Reviewer #1 (Public Review):

Summary:

This study examines lipid profiles in cancer patients treated with the neurotoxic chemotherapy paclitaxel. Multiple methods, including machine learning as well as more conventional statistical modelling, were used to classify lipid patterns before and after paclitaxel treatment and in conjunction with neuropathy status. Lipid profiles before and after paclitaxel therapy were analysed from 31 patients. The study aimed to characterize from the lipid profile if plasma samples were collected pre paclitaxel or post paclitaxel and their relevance to neuropathy status. Sphingolipids including sphinganine-1-phosphate (SA1P) differed between patients with and without neuropathy. To examine the potential role of SA1P, it was applied to murine primary sensory neuron cultures, and produced calcium transients in a proportion of neurons. This response was abolished by application of a TRPV1 antagonist. The number of neurons responding to SA1P was partially reduced by the sphingosine 1-phosphate receptor (S1PR1) modulator fingolimod.

Strengths:

The strengths of this study include the use of multiple methods to classify lipid patterns and the attempt to validate findings from the clinical cohort in a preclinical model using primary sensory neurons.

Weaknesses:

These still stand from the original review and are repeated here:

There are a number of weaknesses in the study. The small sample size is a significant limitation of the study. Out of 31 patients, only 17 patients were reported to develop neuropathy, with significant neuropathy (grade 2/3) in only 5 patients. The authors acknowledge this limitation in the results and discussion sections of the manuscript, but it limits the interpretation of the results. Also acknowledged is the limited method used to assess neuropathy.

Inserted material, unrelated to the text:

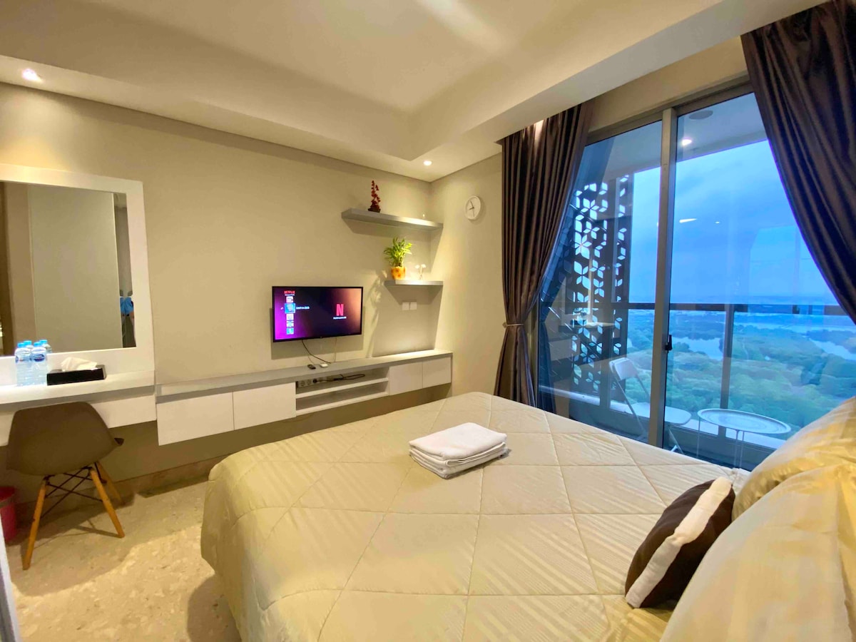 We are located at Tower Atlantic, Gold Apartment PIK. If you are looking for a long stay, our place is suitable because : 1. You can cook 2. Very clean & hygienic. We change all the cover, vacum, mop the floor with hot water, and disinfectant. 3. Best view w/ Mangrove view 4. 15 mnt by car to the Airport 5. 10 mnt walking distance to fresh market and 15 mnt to PIK Mall or China Town. PIK is the Modern City in North Jkt. There are 3 golf courses, plenty of places to shop, and culinary

Potentially due to this small number of patients with neuropathy, the machine learning algorithms could not distinguish between samples with and without neuropathy. Only selected univariate analyses identified differences in lipid profiles potentially related to neuropathy.

Three sphingolipid mediators including SA1P differed between patients with and without neuropathy at the end of treatment. These sphingolipids were elevated at end of treatment in the cohort with neuropathy, relative to those without neuropathy. However, across all samples from pre to pos- paclitaxel treatment, there was a significant reduction in SA1P levels. It is unclear from the data presented what the underlying mechanism for this result would be. If elevated SA1P is associated with neuropathy development, it would be expected to increase in those who develop neuropathy from pre to post-treatment timepoints.

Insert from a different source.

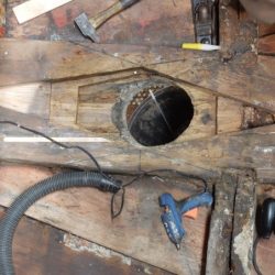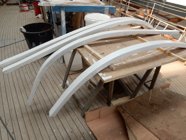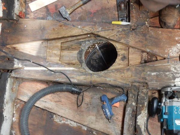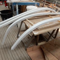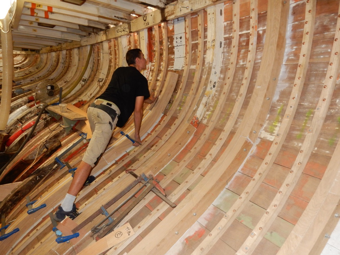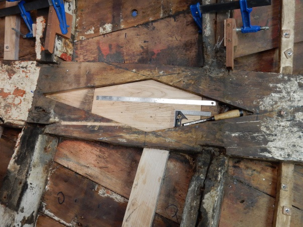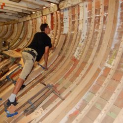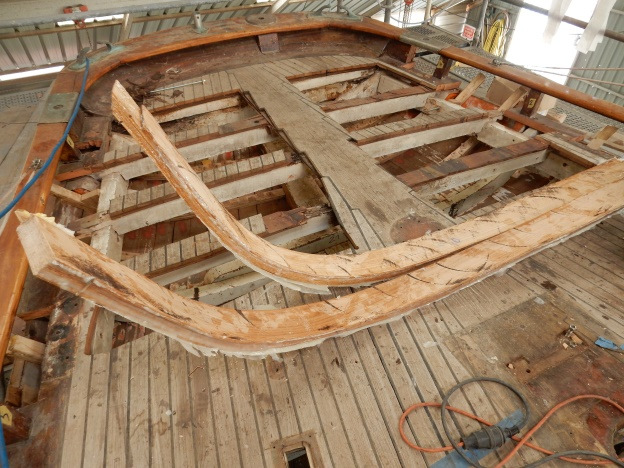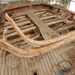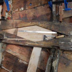 “Grown” sawn frame installation including simultaneous local hull planking repair.

Primary sensory neuron cultures were used to examine the effects of SA1P application. SA1P application produced calcium transients in a small proportion of sensory neurons. It is not clear how this experimental model assists in validating the role of SA1P in neuropathy development as there is no assessment of sensory neuron damage or other hallmarks of peripheral neuropathy. These results demonstrate that some sensory neurons respond to SA1P and that this activity is linked to TRPV1 receptors. However, further studies will be required to determine if this is mechanistically related to neuropathy.

Impact:

Taken in total, the data presented do not provide sufficient evidence to support the contention that SA1P has an important role in paclitaxel induced peripheral neuropathy. Further, the results do not provide evidence to support the use of S1PR1 receptor antagonists as a therapeutic strategy. It is important to be careful with language use in the discussion, as the significance of the present results are overstated.

However, based on the results of previous studies, it is likely that sphingolipid metabolism plays a role in chemotherapy induced peripheral neuropathy. Based on this existing evidence, the S1PR1 receptor antagonist fingolimod has already been examined in experimental models and in clinical trials. Further work is needed to examine the links between lipid mediators and neuropathy development and identify additional strategies for intervention.

Author response:

The following is the authors’ response to the current reviews.

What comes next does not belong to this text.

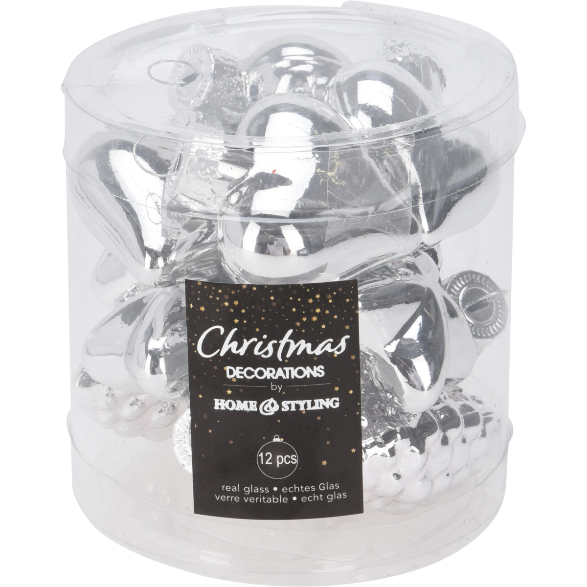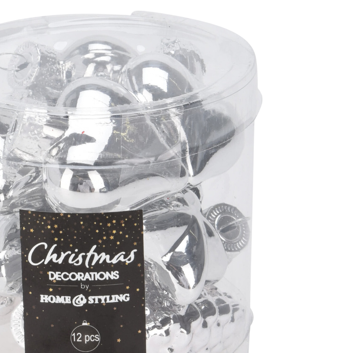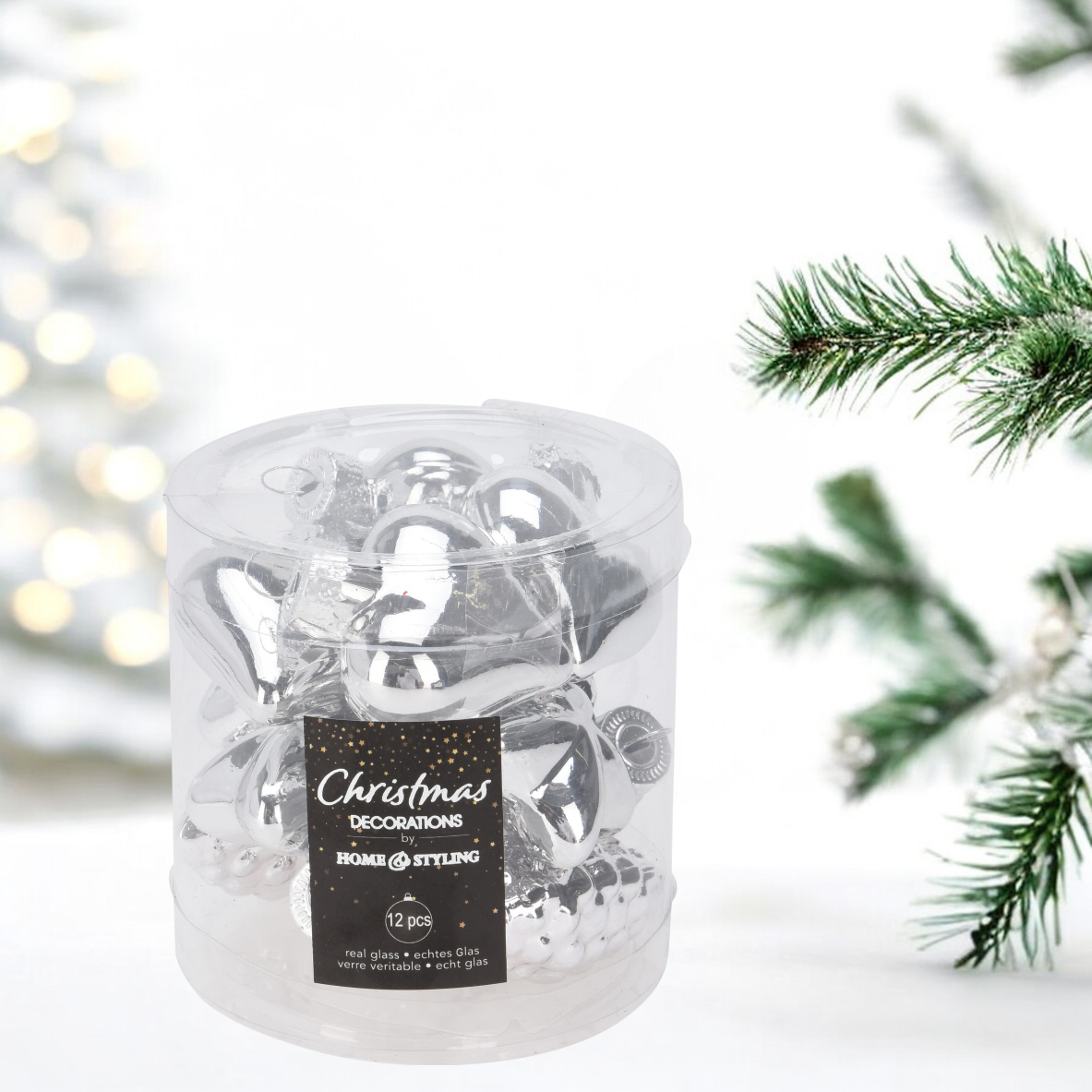A karácsonyi ünnepi hangulatot tökéletesen kiegészíti ez a 12 darabos dísz szett, amely elegáns, fényes felületű és ezüst színben pompázik. A készlet tartalmaz 4 db szív (kb. 4cm), 4 db toboz (kb. 4,5 cm) és 4 db csillag (kb. 4cm) formájú díszeket, melyek mindegyike üvegből készült, így igazán különleges fényt és eleganciát kölcsönöznek a karácsonyfának.

The concerns raised during the review have been incorporated into the discussion of the results, and the need for further research is acknowledged in the paper. This is not possible in the present study, as the clinical project has been completed and further patients cannot be enrolled without starting a new project. We are confident that the results are scientifically valid and that the methodology was scientifically sound and up to date. They were obtained on a dataset that was obviously large enough to allow 20% of it to be set aside and a machine-learned classifier to be trained on the remaining 80%, which then assigned samples to neuropathy with an accuracy better than guessing.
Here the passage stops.